Однако во второй половине десятилетия стала очевидной определенная трансформация официальной позиции по этой проблеме. В июле 2007 г. мэр Москвы Юрий Лужков предложил внести в проект закона о диспансеризации студентов московских вузов пункт об обязательной их проверке на употребление наркотиков. Затем появились новые акценты в позиции Госнаркоконтроля. Еще в 2004 г. ведомство решительно опровергало сообщения о том, что оно якобы инициирует освидетельствование студентов на предмет употребления ими наркотиков. Но уже в декабре 2007 г. заместитель директора ФСКН Владимир Зубрин заявил, что в 2008 г. его ведомство приступит к повальному тестированию студентов на наркозависимость. Пилотным регионом для эксперимента была объявлена Москва. Введение подобных мер чиновник увязал с разработкой закона Москвы «О профилактике наркомании».

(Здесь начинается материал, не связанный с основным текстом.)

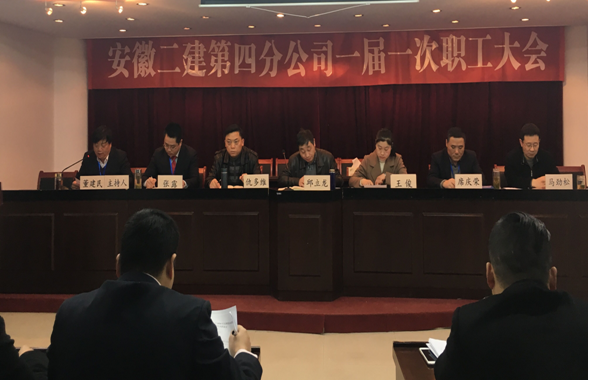 乘風破浪推發(fā)展,勠力同行齊奮進。為加快轉(zhuǎn)型升級步伐,優(yōu)化內(nèi)部管理機制,客觀分析當前四分公司面臨的形勢,認真學習貫徹落實安徽二建公司十五屆四次職代會精神,凝心聚力抓好2017年度各項工作,3月20日上午,安徽二建四分公司一屆一次職工大會在三樓會議室隆重召開。公司總工程師邱立龍、紀委書記仇多維、女工主任王俊以及四分公司職工近40人參加了會議。
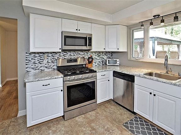 Stylish, Sharp Contemporary! Fabulous large private, fenced in back yard with deck and Gazebo. Large window with great views front and back. Newer kitchen with stainless steel appliances including new gas line to oven.Updates in both bath rooms. New luxury plank flooring first floor and family room.
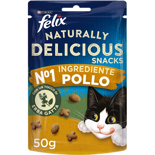 Purina Felix Naturally Delicious snack gatti ricco in pollo con un tocco di erba gatta
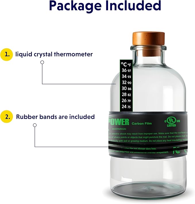 - Package Included: 1 pack 3'' x 20" seedling heat mat, two rubber band and a liquid crystal thermometer
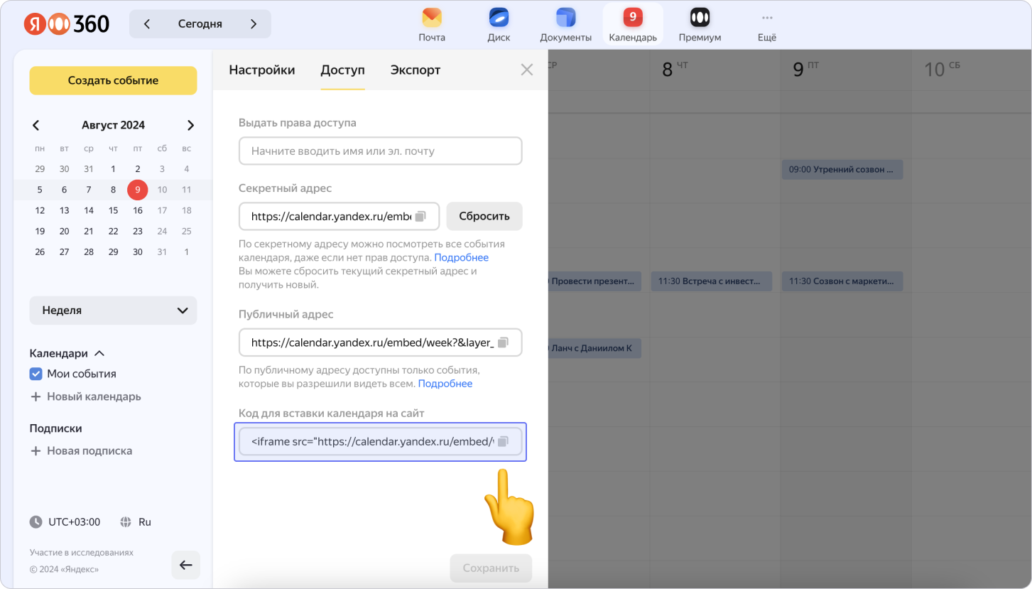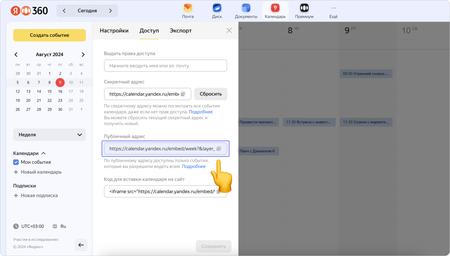 Как встроить Яндекс Календарь в приложения проекта с помощью ссылки
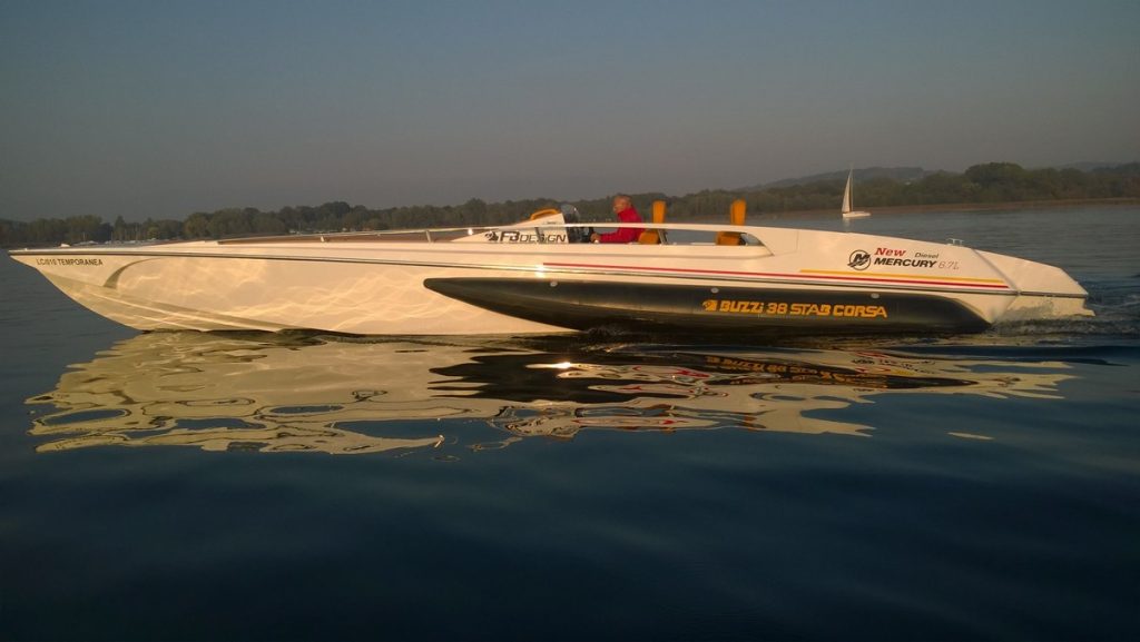 While the first time we had climbed on board the Buzzi racer – at 2017 Genoa International Boat Show – the sea was choppy with 15 cm waves, during the Mercury Days, the surface of Lake Maggiore was smoother than the Autocamionale della Cisa road surface. As you know, such perfect conditions are not good to test the genuine performance a boat. However, it was a perfect occasion for us to shoot this missile at its maximum speed.
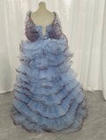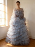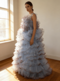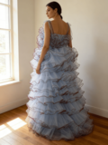 人気上昇!キャミソール ブルー カラードレス ラッフルフリル ボリュームドレス 揺らめく裾 前撮り

Наконец, в Татарстане было принято решение о фактически обязательном тестировании на наркоманию при поступлении в некоторые вузы, и в 2008 г. первокурсники Казанского государственного университета и Казанского государственного технологического университета впервые сдавали тесты на наркозависимость. Эффективность предпринятых мер оказалась сомнительной. В начале 2008/2009 учебного года в Казани было проверено 11 тысяч учащихся, выявлено всего 7 случаев употребления наркотических веществ [ Время и деньги. 24 сентября 2008 г. ]. Есть и другие цифры, показывающие, в числе прочего, весьма незначительную степень эффективности наркотестирования: за полтора года (данные на август 2007 г.) в республике было обследовано 42 300 человек. В итоге в учебных учреждениях республики было выявлено 113 наркозависимых, которые ранее не состояли на учете в наркодиспансерах, то есть менее 0,3% [ Время и деньги. 21 августа 2007 г. ]. Порядок цифр свидетельствует об очевидной фиктивности дисциплинарных процедур. Эти 0,3% (и еще более низкие цифры по Казани) – цифра, которая на порядки ниже любых оценок, а также имеющихся данных о числе молодых наркоманов. Тем не менее руководство Татарстана считает собственный опыт универсальным и призывает распространить его на всю страну. Естественно, дисциплинарная модель стремится к экспансии и к овладению социальным и физическим пространством.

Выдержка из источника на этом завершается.